As many of you are aware, Category5.TV suffered some unexpected downtime following Tuesday’s show.
Everything was on track to have Episode 252 up and ready for on-demand on our usual schedule. I get up early Wednesday morning and type out the show notes, and then upload the files and the system I created (V3) takes care of the rest (creation of show pages, RSS feeds, etc).
Well, I was working away on the show notes, and at 7:55am my time, the database server which powers V3 (our high-tech web site software) stopped responding entirely.
After ensuring it wasn’t on my end, I contacted our database host, who determined that a RAID card failure actually failed multiple drives in our RAID array. Not good.
Here’s a response from our host:
My sincere apologies for the disruptive extended downtime of the mysql server. The old hardware has suffered multiple hard disk failures that have made it not possible to recover. Our admins have been working on getting a new server setup, configured, an operating system installed, and they are now setting up the mysql services, and will be starting restores from backups shortly. We are doing all we can to expedite the process and get all service restored. The restores will be done from our daily backups, which are started each morning and complete by around 6am pacific time. Unfortunately any changes made after the backup made will not be recoverable. We will be implementing even more monitoring of individual hard disk health, so as to detect such issues before they happen and help prevent the need for unplanned moves to new hardware.
Around 12 hours after the outage began, they had a brand new server all spiffy and ready to install in the rack, and within several hours began restoring MySQL databases from Tuesday morning’s backup.
Unfortunately, since the backup was from Tuesday morning, we lost all the data for Episode 252. But nothing else.
During the course of the downtime, we made sure to keep viewers informed about the progress via our official Twitter feed @Category5TV – if you’re not already following us, make sure you do.
Since it was taking so long to migrate to the new hardware, I went about building a makeshift database server myself and put it online with Tuesday’s backup. This got the site and RSS feeds back online with everything except Episode 252.
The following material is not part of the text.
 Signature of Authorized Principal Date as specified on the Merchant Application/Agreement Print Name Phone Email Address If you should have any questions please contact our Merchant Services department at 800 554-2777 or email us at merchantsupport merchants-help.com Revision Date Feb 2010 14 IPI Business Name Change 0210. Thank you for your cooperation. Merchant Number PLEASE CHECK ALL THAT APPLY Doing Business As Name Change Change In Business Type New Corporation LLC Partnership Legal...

Thursday morning, all is well and the new database server is up and running with our Tuesday backup, so I re-typed what needed to be done to get Episode 252 into the system, and set everything live.
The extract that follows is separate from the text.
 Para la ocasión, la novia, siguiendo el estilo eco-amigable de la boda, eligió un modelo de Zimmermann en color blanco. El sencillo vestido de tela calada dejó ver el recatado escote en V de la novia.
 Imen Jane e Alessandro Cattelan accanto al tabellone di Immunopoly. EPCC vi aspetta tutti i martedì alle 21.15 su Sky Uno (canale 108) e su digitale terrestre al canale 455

What’d I learn? Our database server is a single point of failure. Yikes!
As you know, I’m all about redundancy, so I wrote a script into our V3 database engine to automatically sync the database nightly with the makeshift unit I put online, and also to fail-over to that server in any event that the main database server fails to respond.
I also set the backups to run at midnight instead of 6am to minimize the risk on a Tuesday night of losing the previous night’s episode. This means if we add new content to the site at 10pm on a Tuesday night and the database server crashes at 1am the following morning, not only will nothing be lost, but the fail-over server will take over and continue hosting the site and RSS feeds until the main server comes back online.
So, if the same thing happens again, we’ll be ready for it.
We still have a couple of single points of failure. Our main host (the root of http://www.category5.tv/) could go down in the event of an Internet outage at our host facility, but we’re doing all we can within our means to make sure we’re online all the time and running zippy fast even when there are tons of people navigating our site or viewing episodes.
Thanks for your patience as we worked through everything. Enjoy the show!